SENIOR EXECUTIVE EMPLOYMENT AGREEMENT
THIS SENIOR EXECUTIVE EMPLOYMENT AGREEMENT, dated July 30, 2004 is
by and between TYSON FOODS, INC., a corporation organized under the
laws of Delaware (the "Company"), and Donald J. Tyson
("Employee").
WITNESSETH :
WHEREAS, following Employee's retirement from full time employment
with the Company on October 19, 2001, the Company and Employee
entered into a Senior Executive Employment Agreement dated as of
such date (the "Original Agreement") pursuant to which Employee
agreed to furnish advisory services to the Company upon the terms,
provisions and conditions therein provided;
WHEREAS, since October 2001, Employee has provided substantial,
unique and continuing assistance to the Company; and
WHEREAS, the Employee wishes to continue to furnish advisory
services to the Company and the Company wishes to continue to
receive such services, upon the modified terms, provisions and
conditions herein provided;
NOW, THEREFORE, in consideration of the foregoing and of the
agreements hereinafter contained, the parties hereby agree as
follows:
1. The Original
Agreement is hereby terminated as of the date hereof.
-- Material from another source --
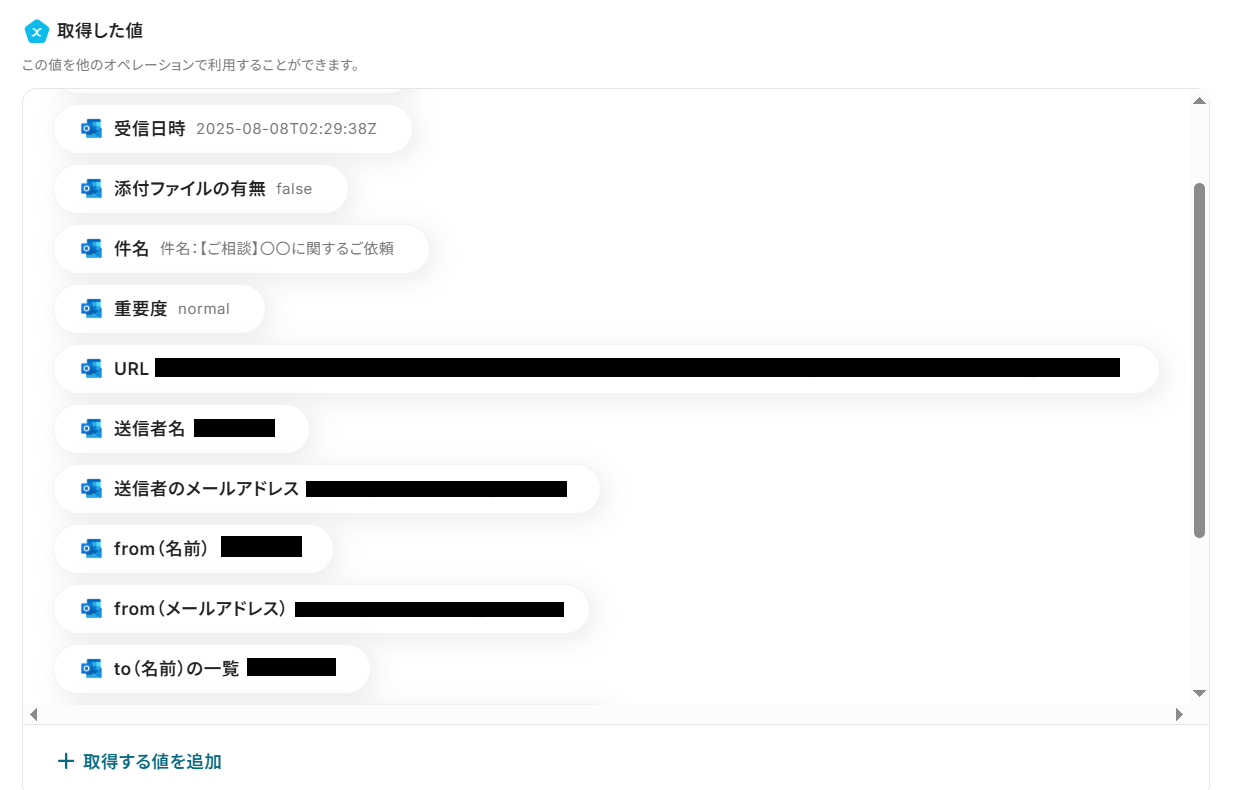 今回はそのまま使用しますが、先ほどと同様に取得した値を追加することも可能です。

The
term of this Agreement (the "Term") shall begin the date hereof and
end October 19, 2011.
2. During the Term,
Employee will, upon reasonable request, provide advisory services
to the Company as follows:
(a) Services hereunder
shall be provided as an employee of the Company;
(b) Employee may be
required to devote up to twenty (20) hours per month to the
Company;
(c) Employee may perform
advisory services hereunder at any location but may be required to
be at the offices of the Company upon reasonable notice; and
(d) Employee shall not be
obligated to render services under this Agreement during any period
when he is disabled due to illness or injury.
3. Beginning the
date hereof, the Company shall (i) pay Employee each year the sum
of $1,200,000 per year, such sum to be payable as the parties may
from time to time agree; (ii) provide Employee with health
insurance during the Term as generally made available to Employee
at the date of this Agreement; and (iii) except as specifically set
forth in Section 4
85
of
this Agreement, permit Employee to participate in any benefit plan
or arrangement generally made available to employees of the
Company, including reimbursement of expenses incurred in connection
with the business of the Company or in the performance of
Employee's obligations under this Agreement. In the event of
Employee's death, the benefits described in clause (i) above shall
continue to be paid to the surviving of Employee's three children,
John Tyson, Cheryl Tyson and Carla Tyson, for the duration of the
Term. In the event of death of Employee and the above named
children, all benefits under this Agreement shall cease.
4.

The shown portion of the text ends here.